Adobe has now destroyed any credibility and sympathy it might have gotten in the Flash-on-iPhone dispute

It takes a lot to look bad in a fight with Apple, a company known for its hardball tactics and holier-than-thou attitude. However, Adobe has just succeeded in owning the low road with its new ad claiming it loves Apple but doesn't love "anybody taking away your freedom to choose what you create, how you create it, and what you experience on the Web." Not to mention the parallel statement posted at Adobe's Web site by Adobe cofounders John Warnock and Chuck Geshke that echoes the ad's wording and suggests Apple's actions could "undermine" the future of the Web through its closed application environment.

The Adobe campaign is a disingenuous, dishonest campaign that Adobe should be ashamed of. Say what you want about Apple's tactics, but at least the company is honest about its self-interests. By contrast, this sleazy campaign from Adobe is as false as the tobacco industry's ads or most political ads.

[ InfoWorld's Neil McAllister says good riddance to Flash. | Paul Krill explains how HTML5 could kill Flash and Silverlight. | Read InfoWorld's proposed peace plan to settle the Flash-on-iPhone dispute. ]

The fallacy of the "closed" argument
Let's get real: Every smartphone operating system is proprietary, as is its app environment, whether it's the iPhone OS, Windows Mobile and the forthcoming Windows Phone 7 OS replacement, the BlackBerry OS, Palm's WebOS, Google Android, or Nokia's Symbian. Sure, some are more open about who can create apps and what level of approval is needed, but they're all proprietary and subject to the vendor's control. What varies is the control applied, not the fact of it.

The same has long been true in the desktop world. The Windows and Mac operating systems also aren't free-for-alls, though they are more open than any of the mobile OSes.

Apple long ago decided, and made no bones about this decision, that it would control the apps on its iPhone OS -- just like the cellular carriers had always done before the iPhone's arrival, I might add. The ground rules have been clear and honest.

The truth is that Adobe is trying to promote its own proprietary application development environment as a means of pocketing licensing fees and selling app dev tools. That's no different than what Apple or any other vendor does. Also, Apple is by no means picking on Adobe; it doesn't allow Silverlight or JavaFX apps, either.

Plus, Adobe does have a history of bloated, unstable, awkwardly implemented applications -- I know from decades of personal experience fighting with its installers, license management tool, long load times, and partially implemented features in tools that I depend on to do much of my work -- so Apple's "prove it to me first" attitude is more than justified. Adobe does some great work, but it's put out some awful wares, too.

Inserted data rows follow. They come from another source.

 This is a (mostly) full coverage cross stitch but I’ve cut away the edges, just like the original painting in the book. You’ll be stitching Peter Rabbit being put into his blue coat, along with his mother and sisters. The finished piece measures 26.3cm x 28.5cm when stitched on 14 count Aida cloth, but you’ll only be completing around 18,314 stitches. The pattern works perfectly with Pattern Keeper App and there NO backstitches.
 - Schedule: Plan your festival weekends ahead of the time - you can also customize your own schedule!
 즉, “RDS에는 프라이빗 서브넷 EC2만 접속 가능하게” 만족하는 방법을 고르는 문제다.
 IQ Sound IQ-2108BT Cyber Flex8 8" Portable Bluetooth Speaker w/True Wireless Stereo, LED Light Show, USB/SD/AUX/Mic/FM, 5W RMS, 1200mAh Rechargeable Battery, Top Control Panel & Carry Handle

InfoWorld has advocated that Adobe fix Flash so that it won't suck up all the iPhone's resources and won't constantly crash the device. However, it appears Adobe is not interested in delivering a verrsion of Flash that would work well on the iPhone, just on using public pressure to try to force its way in.

The fallacy of the "Web future" argument
In its campaign, Adobe is ambiguous about the distinction between OS-level apps and Web apps. Apple has been clear that it sees a difference and will treat them differently. Adobe's fudging of this point has an obvious reason: While it would like to have Flash apps run natively on the iPhone (thus its Flash-to-iPhone converter in Flash Pro CS5), it needs Flash video and apps to run in the iPhone browser, because that's where Flash is most used. If content developers figure out how not to need Flash on the iPhone, it'll be easy to conclude they don't need it on other devices or even the desktop, either.

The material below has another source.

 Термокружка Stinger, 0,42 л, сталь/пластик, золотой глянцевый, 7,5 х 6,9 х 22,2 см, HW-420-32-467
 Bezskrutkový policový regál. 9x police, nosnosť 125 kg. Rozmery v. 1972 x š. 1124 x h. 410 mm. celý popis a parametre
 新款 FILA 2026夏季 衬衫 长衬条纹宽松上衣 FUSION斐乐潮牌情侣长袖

Thus, the "future of the Web is in jeopardy" claim from Adobe's cofounders. But it's a lie.

The truth is plain and simple: Adobe is trying to position Flash as a Web standard, but it's not one.

The fact that other mobile platforms are allowing Flash video and apps in their browsers is besides the point. Apple has decided -- rightfully, in my opinion -- that Flash is a big bag of hurt that users will quickly discover they can live without. Apple has repeatedly said Flash is too unstable and resource-intensive to allow on the iPhone. Flash certainly has those issues on the desktop, and Adobe has yet to deliver a full Flash player for any mobile platform, so I believe Apple's concerns here.

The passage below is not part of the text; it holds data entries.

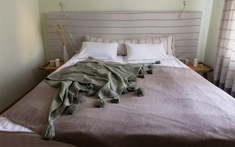 Коттеджи-дуплексы построены из камня. В каждом из них — по два номера, объединенных общей стеной, но со своим отдельным входом.
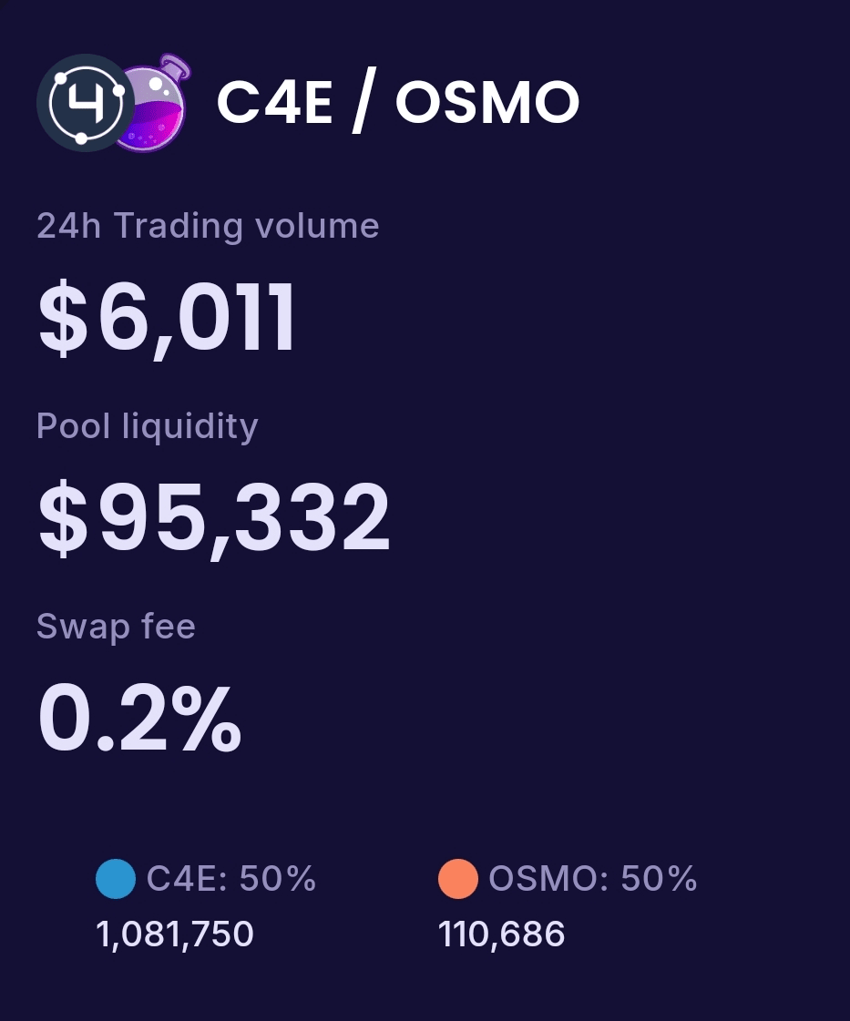 C4E ha annunciato un'opportunità per i fornitori di liquidità di vincolare i propri token C4E e Osmo tramite l'LP Pool su Osmosis, offrendo un APR interessante di quasi il 90%. Questa iniziativa mira a incoraggiare la partecipazione all'ecosistema Cosmos offrendo rendimenti più elevati per gli utenti che vincolano i propri token.
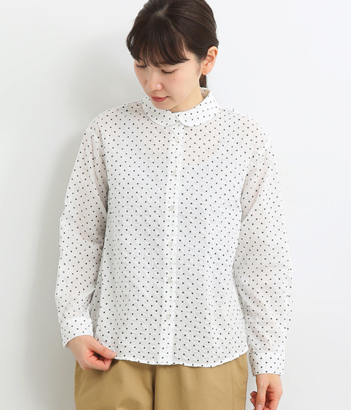 コットン小丸襟ポイント刺繍レギュラーシャツオフホワイト
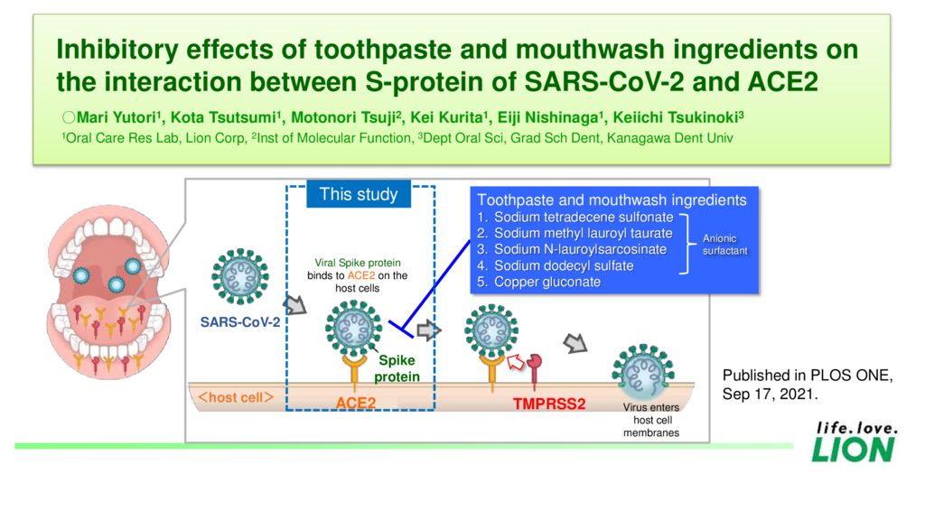Abstract: “【目的】新型コロナウイルス (SARS-CoV-2) は、ウイルスのSタンパクが宿主のアンギオテンシン変換酵素2 (ACE2) に結合した後、宿主の2型膜貫通型セリンプロテアーゼ (TMPRSS2) の活性化を介して細胞内へ侵入する。口腔粘膜 (歯肉・舌) にはACE2及びTMPRSS2が発現しており1),2)、感染経路の1つとして考えられる。そこで市販の歯磨剤及び洗口剤のSARS-CoV-2感染経路阻害ポテンシャルを明らかにするため、本研究では歯磨剤及び洗口剤に一般的に含まれる各成分のSタンパク-ACE2結合阻害作用について評価を実施した。
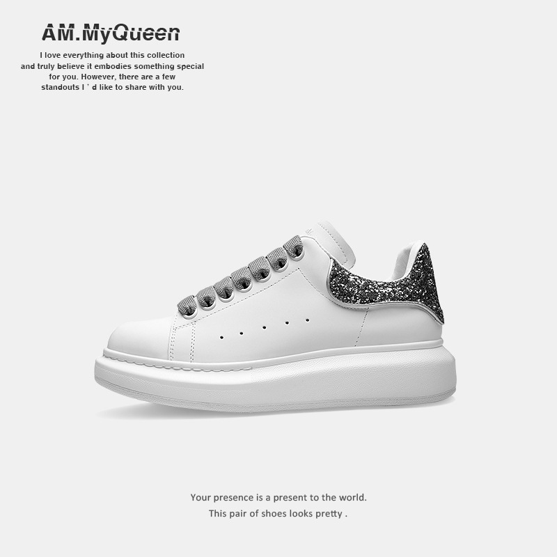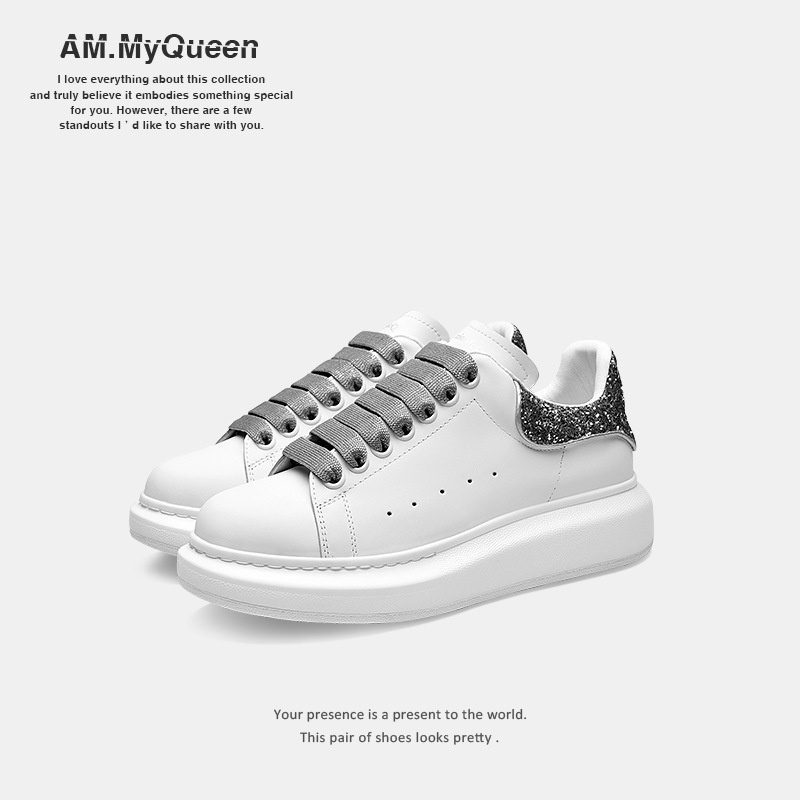Mc Queen White Shoes All-match Women's Shoes Genuine Leather Thick Sole Height-enhancing Sports Shoes Casual Shoes
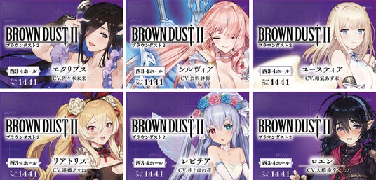 『ブラウンダスト2』ブースでは、魅力的なキャラクターカットに加え、主要キャラの誕生日も分かる2025年特製カレンダーの無料配布(数量限定)や、ガチャ筐体によるリアルガチャ企画などを実施します。加えて、豪華プレゼント企画やコスプレイヤー等を進行中です。(詳細は後日、公式X等で告知)
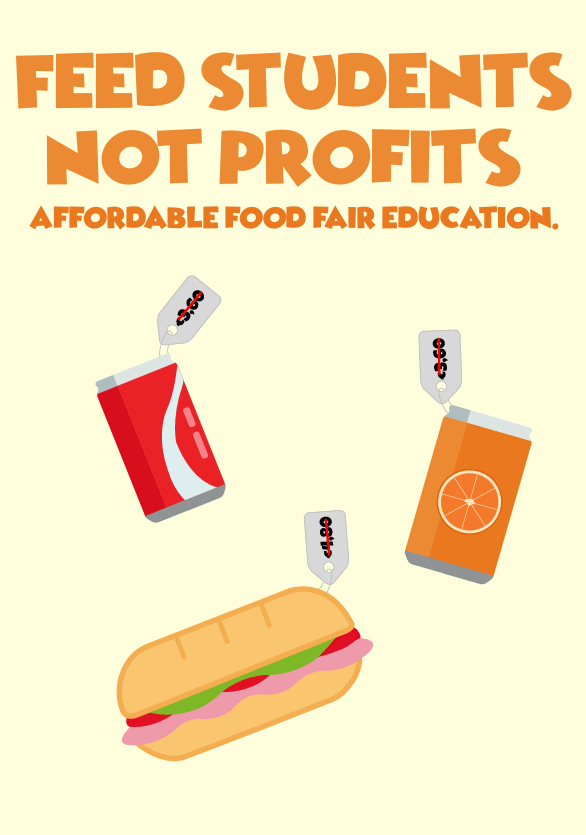 Voor de Student Challenge heb ik een poster gemaakt met de boodschap: “Feed students, not profits.”Het gaat over betaalbaar eten voor studenten. Ik wilde laten zien dat eten op school niet te duur hoeft te zijn en dat onderwijs eerlijk en betaalbaar moet blijven.
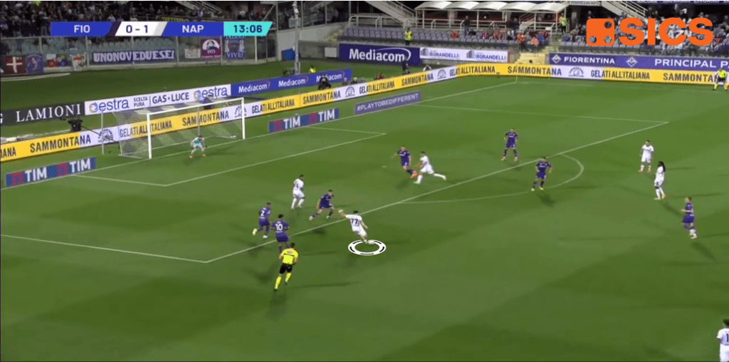 Non solo: muovendosi verso i corridoi centrali del campo Kvaratskhelia avrebbe anche la possibilità di andare direttamente alla conclusione, magari da fuori area. In base ai dati Sics nella Serie A appena conclusa il georgiano risulta aver effettuato il 59.52% dei suoi tiri totali (124) calciando da oltre i sedici metri avversari.
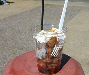 The frozen Coca-Cola-flavored batter is deep-fried and topped with Coca-Cola syrup, whipped cream, cinnamon sugar, and a cherry. This Southern brew is likely to have 830 calories per cup and 28 grams of fat, amount of servings in an average sitting!

The futire of the Web -- desktop and mobile -- won't turn on whether Flash is allowed on specific devices or browsers. The future of the Web -- the in-progress HTML5 standard -- is being developed by a group of companies that includes Apple, Google, Microsoft, Mozilla, Opera, Adobe, and 31 other members under a formal W3C standards process. It is not Apple's to design or dictate. The working group's members compete with each other in some areas; of course, they're jockeying over technologies and approaches that further their own interests, but every one of them is playing that game.

Where Apple is consistent is in its support for Web standards. Its stance is that its iPhone OS browser supports actual Web standards -- which is not necessarily the same as vendors' popular Web tools. HTML, CSS, JavaScript, H.264 video, and the standards-based version of PDF are in, but the proprietary ActiveX, Flash, and Silverlight are out. Java is the odd case; Apple says it excludes Java because it bars all virtual machines.

If Adobe really believed the issue was ensuring the future Web's unity, it would champion a nonproprietary alternative to H.264 video, since Mozilla's open source licensing model prevents it from using this licensed technology, even though it is in the draft HTML5 standard. H.264 will fragment the Web much more than the iPhone's nonsupport of Flash. And Adobe would put Flash into the standards bodies, as it did the core of PDF, so a future Adobe management team couldn't use it as a proprietary Trojan horse on the Web, as Microsoft once tried with ActiveX.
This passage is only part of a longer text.